Heap insertion and heap balancing operations each cost O(log k). Lazy deletion ensures that removals also remain logarithmic amortized time.
The heaps together store at most k active elements, plus a small number of delayed elements awaiting cleanup.
Test Cases
from typing import List
s = Solution()
# Example 1
assert s.medianSlidingWindow(
[1,3,-1,-3,5,3,6,7], 3
) == [1.0,-1.0,-1.0,3.0,5.0,6.0]
# Example 2
assert s.medianSlidingWindow(
[1,2,3,4,2,3,1,4,2], 3
) == [2.0,3.0,3.0,3.0,2.0,3.0,2.0]
# Single element array
assert s.medianSlidingWindow(
[5], 1
) == [5.0]
# Window size equals array size
assert s.medianSlidingWindow(
[1,2,3,4], 4
) == [2.5]
# All identical values
assert s.medianSlidingWindow(
[2,2,2,2,2], 2
) == [2.0,2.0,2.0,2.0]
# Negative numbers
assert s.medianSlidingWindow(
[-1,-2,-3,-4], 2
) == [-1.5,-2.5,-3.5]
# Strictly increasing sequence
assert s.medianSlidingWindow(
[1,2,3,4,5,6], 3
) == [2.0,3.0,4.0,5.0]
# Strictly decreasing sequence
assert s.medianSlidingWindow(
[6,5,4,3,2,1], 3
) == [5.0,4.0,3.0,2.0]
# Even window size
assert s.medianSlidingWindow(
[1,4,2,3], 2
) == [2.5,3.0,2.5]
# Large integer values
assert s.medianSlidingWindow(
[2147483647,2147483647], 2
) == [2147483647.0]
# Duplicate-heavy input
assert s.medianSlidingWindow(
[1,1,1,1,1,1], 3
) == [1.0,1.0,1.0,1.0]
| Test | Why |
|---|---|
| Example 1 | Validates standard sliding window behavior |
| Example 2 | Verifies repeated balancing operations |
| Single element array | Smallest valid input |
| Window equals array size | Only one median produced |
| All identical values | Tests duplicate handling |
| Negative numbers | Ensures ordering works with negatives |
| Increasing sequence | Stresses heap movement direction |
| Decreasing sequence | Tests reverse ordering behavior |
| Even window size | Validates average median calculation |
| Large integers | Ensures no overflow issues |
| Duplicate-heavy input | Tests lazy deletion correctness |
Edge Cases
Window Size of One
When k = 1, every window contains exactly one element, so every element is trivially its own median.
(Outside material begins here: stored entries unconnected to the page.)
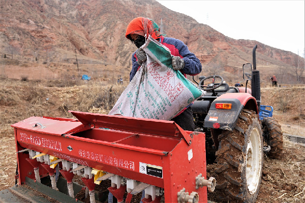 海東市民和回族土族自治縣官亭鎮(zhèn)鮑家村,農(nóng)戶正在備耕。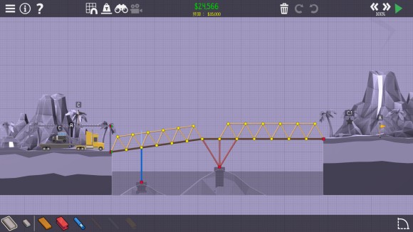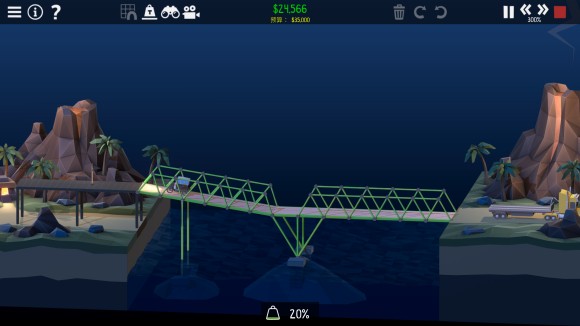 桥梁建造师2《PolyBridge2》2-16偷渡人员攻略 这关其实很简单,主要是支点给的恰到好处。液压杆竖着,拉伸50%就可以了。 液压效果↓(肯定是严丝合缝的) 老友网www.andlaou.com免费为你分享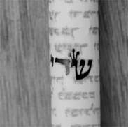 side of the mezuzah scroll is the Hebrew name of HaShem, Shaddai -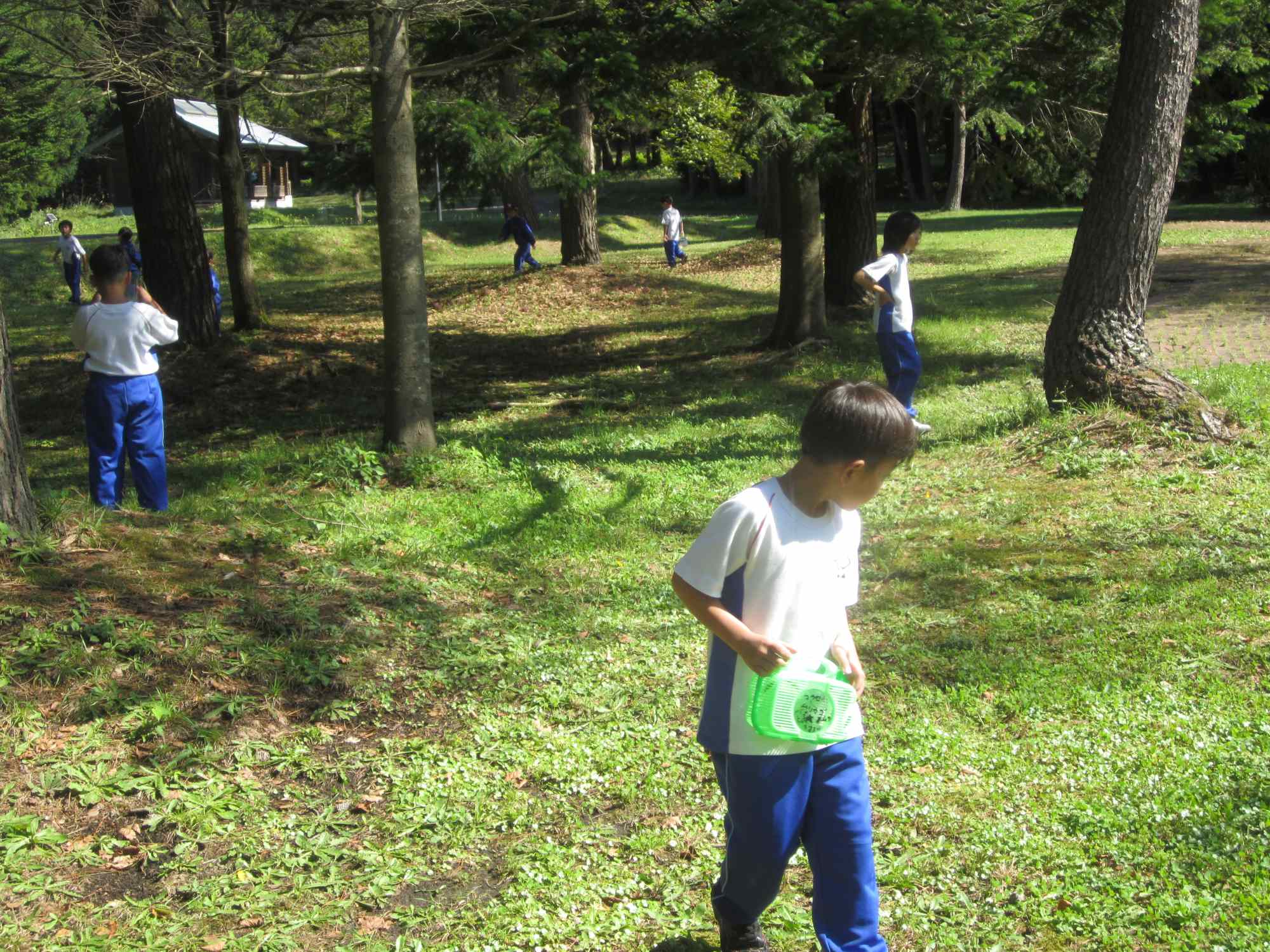 1年生が北欧の杜探検に出かけてきました。7月にも計画されていたのですが,クマの出没に伴い、北欧の杜が閉鎖されてしまい、そのときは残念ながら行くことができませんでした。その時の思いもあり,今回は本当に楽しみにしていて、朝から虫かごや軽い水槽、透明ビニルバッグなどを持参し、楽しむ気満々でした。天気もよく、遊具で遊び、虫を探し、ザリガニをとり、思い切り北欧の杜公園のよさを味わってきました。帰ってきた子どもたちはみんないい表情でした。北欧の杜があることは子どもたちにとって幸せだなあと改めて思いました。

This case can expose balancing bugs because one heap will frequently remain empty. The implementation handles this naturally because the lower heap is allowed to contain one extra element.
Duplicate Values
Duplicate values are one of the hardest aspects of this problem because heaps do not support efficient arbitrary deletion.
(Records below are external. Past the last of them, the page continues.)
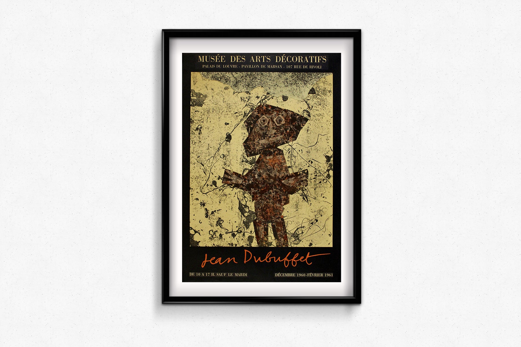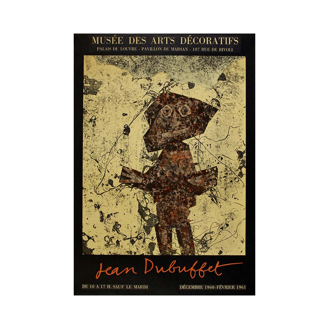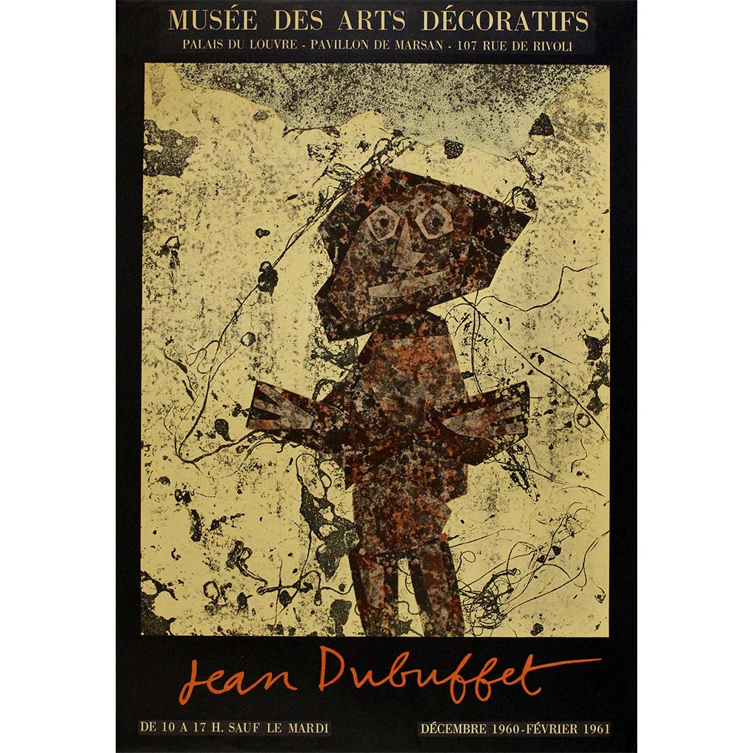 This striking original 1961 exhibition poster was created by Jean Dubuffet himself to promote his major retrospective at the Musée des Arts Décoratifs in Paris. A powerful example of Dubuffet's graphic sensibility, it not only advertised the exhibition but also embodied the very spirit of the artist’s radical vision.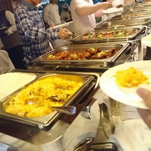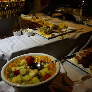ビュッフェはサラダ(レタス、キュウリ、トマト)、アジアン焼きそば、ラムカレー(においがきつくて残してしまった)、白身魚のムニエル(おいしい)、ポテトの炒め物(2種類)チキングリル(スパイス)、黄色いスパイススープ→かぼちゃスープと思ったら少し苦手な味でした)あとは、フルーツ(スイカ、メロン)、スイートポテトのようなお菓子(おいしかったです)がありました。結構みんなすごい勢いで取りに行きますが、料理はどんどん補充されていました。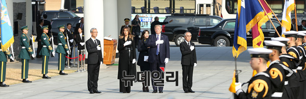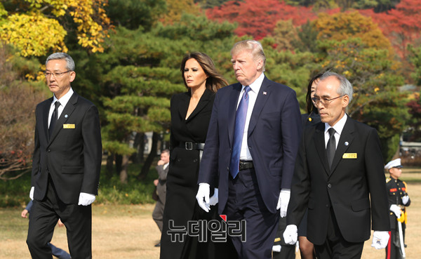도널드 트럼프 미국 대통령과 멜라니아 여사가 8일 서울 동작구 국립현충원을 찾아 현충탑을 참배를 위해 입장하고 있다. (사진=공동취재단)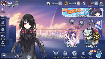 On the middle right side, you have access to the 2 major parts of the game, the Dates and Stages, which are explored in the main page of this wiki. Above these are the CG, Social and Quests, which lead to artwork and dating progression; friendlists; and stages/dailies/achievements progression, respectively.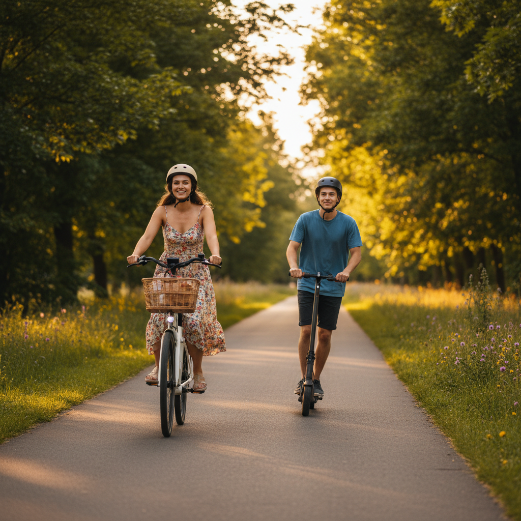 - E-Bike (จักรยานไฟฟ้า): เหมาะสำหรับการเดินทางระยะไกลกว่า มีความสะดวกสบายสูง ปลอดภัยบนสภาพถนนที่หลากหลาย และสามารถใช้งานได้อเนกประสงค์ ทั้งการเดินทาง ออกกำลังกาย และบรรทุกสัมภาระเล็กน้อย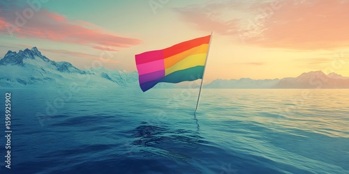 rainbow, pride, flag, ocean, mountain, sunset, peaceful, landscape, water, sky, nature, summer, beach, sea, horizon, view, colours, vibrant, hope, love, equality, freedom, community, symbol, gay, lesbian, bisexual, transgender, queer, tolerance, acceptance, diversity, inclusion, support, serene, tranquil, calm, serenity, inspirational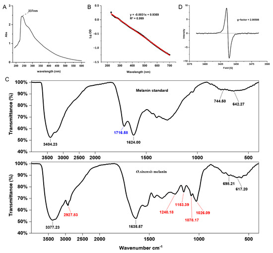 The UV-visible spectrum of O. sinensis melanin exhibited strong optical absorbance in the UV region, and the maximum absorption peak was observed at 237 nm (Figure 2A). In addition, the log of the optical density of O. sinensis melanin against its wavelengths produced a linear curve with a negative slope of −0.0031, which is consistent with the absorption characteristics of melanin (Figure 2B), indicating that the purity of the extracted melanin was high.

If multiple identical values exist, removing the wrong occurrence could corrupt the median calculation. The lazy deletion map solves this by tracking counts instead of positions. Elements are only physically removed when they reach the heap top.
Even Window Sizes
For even k, the median is the average of two middle values.
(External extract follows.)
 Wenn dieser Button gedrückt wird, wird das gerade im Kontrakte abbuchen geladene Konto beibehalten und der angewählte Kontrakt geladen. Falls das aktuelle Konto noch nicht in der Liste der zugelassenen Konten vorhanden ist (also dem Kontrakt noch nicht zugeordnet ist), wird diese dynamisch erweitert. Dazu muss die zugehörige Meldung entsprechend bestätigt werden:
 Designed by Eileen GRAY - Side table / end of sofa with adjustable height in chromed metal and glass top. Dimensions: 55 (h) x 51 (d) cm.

This can introduce integer division bugs or overflow issues. The implementation converts values to floating point before division, ensuring accurate decimal results and preventing overflow when summing large integers.
Large Positive and Negative Integers
The problem allows values near the 32-bit integer boundaries.
A naive implementation that averages integers before converting to floating point could overflow in some languages. Both implementations explicitly convert to floating point before division to ensure correctness.
Delayed Elements Remaining Inside Heaps
Because removal is lazy, heaps may temporarily contain invalid elements that are no longer inside the sliding window.
If these elements are not pruned correctly before median access or balancing, the algorithm can produce incorrect medians. The implementation guarantees correctness by always pruning invalid top elements before using heap tops.